Более спекулятивный взгляд связывает характеристики социализации с коллективным насилием через экстрапунктивность. Например, Бейтсон идентифицировал среди жителей острова Бали паттерн воспитания, с помощью которого детей обучают не ожидать кульминации, а получать удовольствие на предварительных этапах, без определенной цели, «жить непосредственно настоящим, а не отдаленным будущим»21. Другая балинезийская характеристика — это сильный нормативный запрет на открытую агрессию, прививаемый предположительно как часть того же процесса. Эти два штриха могут помочь объяснить очевидную высокую толерантность балинезийцев к фрустрациям, превышение которой ведет к экстраординарно интенсивным вспышкам суицидального насилия, аналогичным малайскому амоку и к коллективному насилию наподобие массового избиения сотен тысяч индонезийских коммунистов в 1965-1966 гг., которые на Бали были особенно интенсивны22. Пай атрибутирует высокий размах политических убийств и других форм насилия в Бирме наиболее фундаментальным паттернам бирманской практики воспитания детей, а более непосредственно — напряжениям, созданным политикой модернизации и преобладанием убеждений в неизбежности насилия23. Третий, менее прямой, пример дают результаты интервью с 67 гарлемскими неграми после бунта 1943 г. Кларк идентифицирует основные аттитюдные различия между теми, кто принял бунт, и теми, кто его отвергал. Обе группы проявили себя равно заинтересованными в статусе негров; но те, кто отвергал насилие, давали свои ответы с позиций общего аттитюдного неприятия его, а те, кто принимал, — с позиций ограниченной структуры отношения, в котором было достаточно расовых несправедливостей, чтобы оправдать насилие24. Различия в паттернах социализации двух групп не изучались, однако выводы совместимы с тем аргументом, что интра- пунктивные индивиды овладевают обобщенными формами поведения, связанного с противлением агрессии, тогда как экстрапунктивные индивиды обучаются отвечать на конкретные фрустрации более прямо и открыто.
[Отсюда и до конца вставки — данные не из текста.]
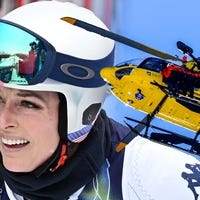 Lindsay Vonn returns home from the Milan Winter Olympics in a hospital bed, after suffering a ‘complex leg fracture’ while skiing.

В качестве одного из сравнительных свидетельств в проведенном Липсетом анализе данных многонационального опроса показана довольно устойчивая связь между принадлежностью к низшему классу и неприятием «сильной руки». Психологические доводы, процитированные выше, указывали на связь между авторитарными аттитюдами и агрессивной предрасположенностью; в более общем виде агрессивные политические движения в индустриальных демократиях имеют тенденцию опираться на рабочий класс25. Данные Хакни по Соединенным Штатам показывают, что отношения суицидных показателей к показателям убийства наибольшие среди черных американцев, меньшие среди южан и наименьшие среди северян, предположительным объяснением чему являются вариации в субкультурных экстрапунктивных аттитюдах. Такая же иерархия очевидна в величине коллективного насилия, в котором участвуют представители трех субкультур; в последнее десятилетие борьба, которую вели черные, была менее обычным явлением, чем борьба белых северян26.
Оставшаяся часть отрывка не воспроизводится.